Le niveau de participation aux élections prud’homales (25,3% seulement) vient souligner cruellement la faiblesse du syndicalisme, qui n’est pas récente mais qui s’aggrave. L’avenir est sans doute encore plus sombre, les raisons de cet affaiblissement étant profondes et lointaines, et d’autres menaces pointant à l’horizon
L’histoire particulière du syndicalisme français l’a différencié très tôt de ses homologues anglo-saxons et surtout scandinaves : d’une part il est divisé, d’autre part il est très idéologisé, quand ceux-ci appuient leurs forces et leurs pratiques sur les services collectifs fournis aux adhérents (l’équivalent de nos mutuelles par exemple). Les deux sont probablement liés, la pratique de gestion de services ne produisant pas des idéologues, la coupure avec ce type de réalités favorisant sans doute au contraire les discours théoriques (et souvent extrémistes par ailleurs). C’est ainsi qu’avant 1945, la CGT ne compte plus de 1 million d’adhérents que dans deux brèves périodes, en 1919 et en 1936/1939.

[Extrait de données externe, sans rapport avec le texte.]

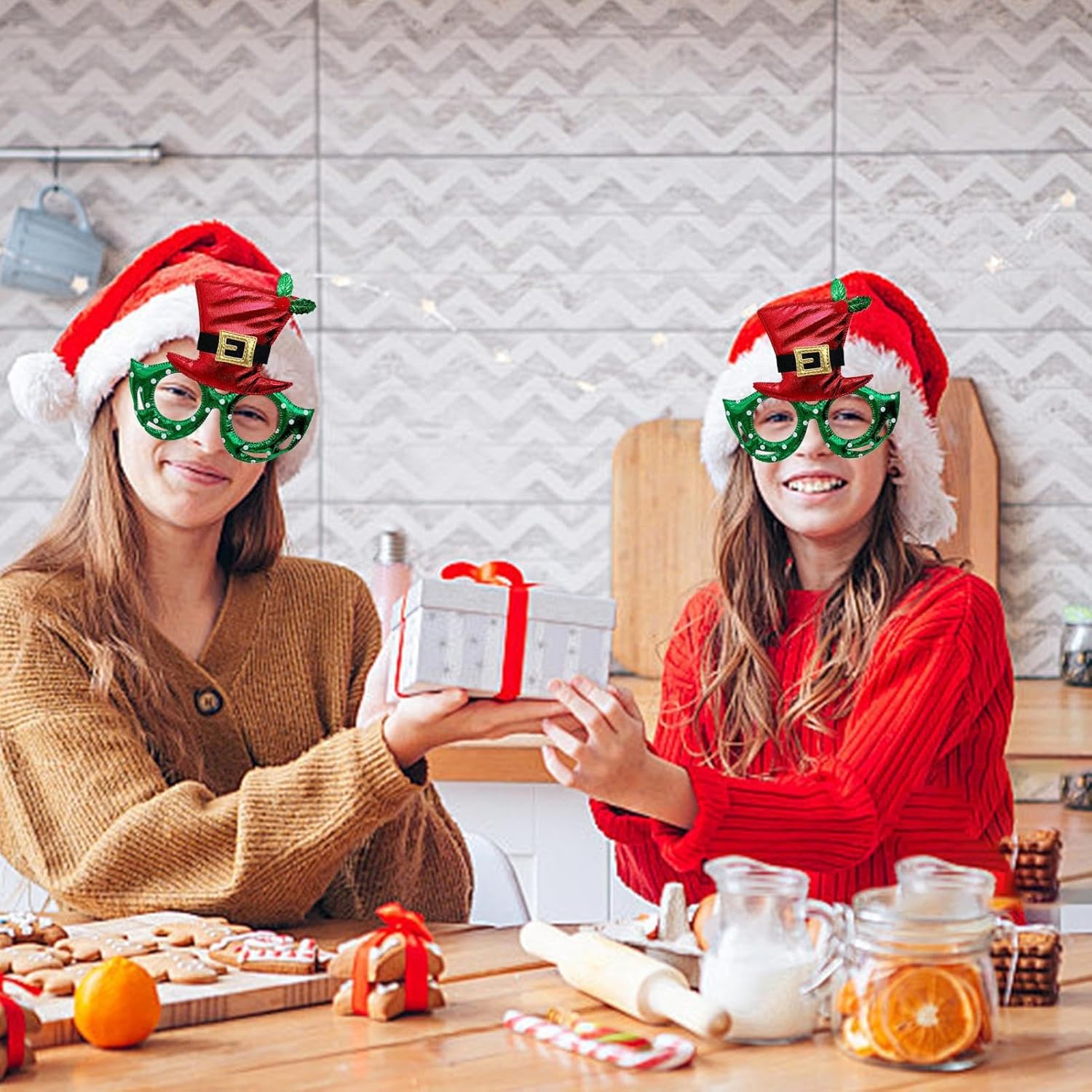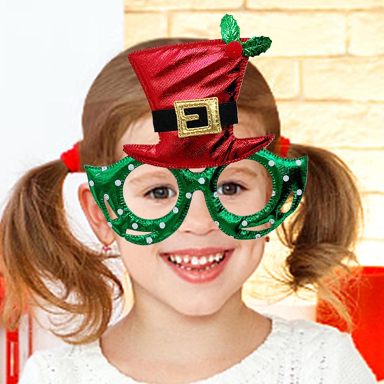 Questi occhiali da vista natalizi sono perfetti per le tue feste a tema natalizio! Con una classica combinazione di colori rosso, verde e oro e un design semplice ma festoso, questi occhiali sono leggeri e confortevoli. Adatto a che amano travestirsi per le feste e cercano di aggiungere un po' di divertimento alle loro celebrazioni! Informazioni sul prodotto Materiale: ABS, tessuto non tessuto Peso: 13,6 g Dimensioni del prodotto: circa 14,4x15,1 cm/5,67x5,94 pollici Lista imballaggio Occhiali natalizi per bambini*1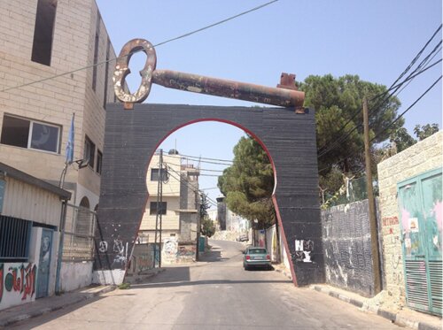 Aida, Bethlehem, via https://en.wikipedia.org/wiki/Palestinian_key#/media/File:Aida_Camp_entrance.jpeg consulted on 18/10/25

La période de 1945 à 1968 est pour le syndicalisme celle où il recueille ses plus beaux succès et celle pendant laquelle s’installent les causes de son affaiblissement pour la période suivante, les deux étant d’ailleurs liés.
En 1945, la CGT revendique le chiffre de 5.5 millions d’adhérents. La période qui suit est celle de la montée en effectif et en richesse du monde industriel, milieu le plus favorable au syndicalisme, du fait d’une tradition ouvrière forte et du fait de la concentration des salariés qu’elle implique.
La loi du 22 février 1945 crée le Comité d’Entreprise. Le 16 avril 1946, la loi rétablit les délégués du personnel, créés en 1936 et supprimés par Vichy.
1968 va être l’occasion de donner plus de moyens au syndicalisme, avec la reconnaissance de la section syndicale qui a dorénavant droit à un local au sein de l’entreprise et à un panneau d’affichage. Les lois Auroux en 1982 viendront renforcer ces moyens.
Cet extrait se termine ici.